I bought a camera the other day with the nifty feature of having an NFC tag embedded in it to guide your phone to launching (and installing, if necessary) the companion mobile app.

It occurred to me that this is a really good way of establishing a trust path: while they're only using it to guide you to the right app, they could embed a little public key in there. Then you could authenticate the new printer or fridge by physically being near it.

We'd have to extend our UIs a bit to cover these use cases (it should basically act like a trusted self-signed cert), and probably you only want to trust NFC certs for *.local.


Technically, there's no reason why a fridge couldn't have a signed cert tied to some dynamic DNS (e.g. <fridge-serial-number>.<manufacturer>.<tld>).


True, but on many small networks, you aren't addressing the embedded device by a FQDN.

All these appliances should let you change the cert on them, but you still need that initial connection, and at smaller organizations (or households) the certs will never ever be changed.

I used to work on embedded security projects so I care about this; I also realize that's a small portion of the market. I'm okay with making the people connecting to their new printer jump through a hoop in order to reduce the chances of someone hijacking www.paypal.comm but you still have to allow some way in.


True, but on many small networks, you aren't addressing the embedded device by a FQDN.

Why not?


Why should my fridge have a FQD name? What purpose does that serve?
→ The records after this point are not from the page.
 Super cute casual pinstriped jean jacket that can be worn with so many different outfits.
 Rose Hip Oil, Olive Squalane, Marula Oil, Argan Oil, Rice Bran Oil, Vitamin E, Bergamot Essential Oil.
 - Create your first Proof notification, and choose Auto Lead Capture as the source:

Why install a firewall in each device if you can install one on the router that works for everything?


Why should my fridge have a FQD name? What purpose does that serve?

To allow you to create a signed certificate to authenticate it?
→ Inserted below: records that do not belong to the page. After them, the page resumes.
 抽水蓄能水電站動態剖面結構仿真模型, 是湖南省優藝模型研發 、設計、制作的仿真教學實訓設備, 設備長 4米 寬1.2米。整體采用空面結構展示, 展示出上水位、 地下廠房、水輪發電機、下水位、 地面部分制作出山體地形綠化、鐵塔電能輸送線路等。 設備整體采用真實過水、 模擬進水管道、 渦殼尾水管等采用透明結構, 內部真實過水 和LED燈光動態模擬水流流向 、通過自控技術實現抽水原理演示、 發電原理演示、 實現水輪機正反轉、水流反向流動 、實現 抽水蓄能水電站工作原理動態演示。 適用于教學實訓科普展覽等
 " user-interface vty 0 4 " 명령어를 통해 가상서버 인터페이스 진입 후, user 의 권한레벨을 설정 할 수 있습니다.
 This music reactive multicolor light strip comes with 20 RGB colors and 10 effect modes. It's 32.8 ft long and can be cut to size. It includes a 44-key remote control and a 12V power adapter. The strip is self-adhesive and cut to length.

Why install a firewall in each device if you can install one on the router that works for everything?

Having an FQDN doesn't mean you need to install a firewall on your device. You can still use the router's, and even prevent any inbound connections from the WAN to the device.


NAT traversal?


FQDN doesn't have to mean publicly accessible. I have a personal subdomain that points to an internal IP. It's kinda weird to do with IPv4, but it works fine, and with IPv6 it'll be natural, since each device will probably have a globally unique address anyway, even if it can't be accessed outside of your LAN.


But note that only works if the manufacturer can choose the name without an issue from the customer. For things like network appliances in larger companies that aren't going to want [generic number]manufacturer.com but want [my name].corp.[my company].com, you're stuck.


Allow the cert to be configurable, then the company can use its internal CA to give certs to all its appliances.


Yes, that's the status quo, and has been for a while. The point is that's currently the best you can do. For boxes without external exposure, this work won't change anything, but a standardized protocol for dealing with boxes with external exposure would still help some use cases.


Oh god, they have internet fridges now? What on earth for?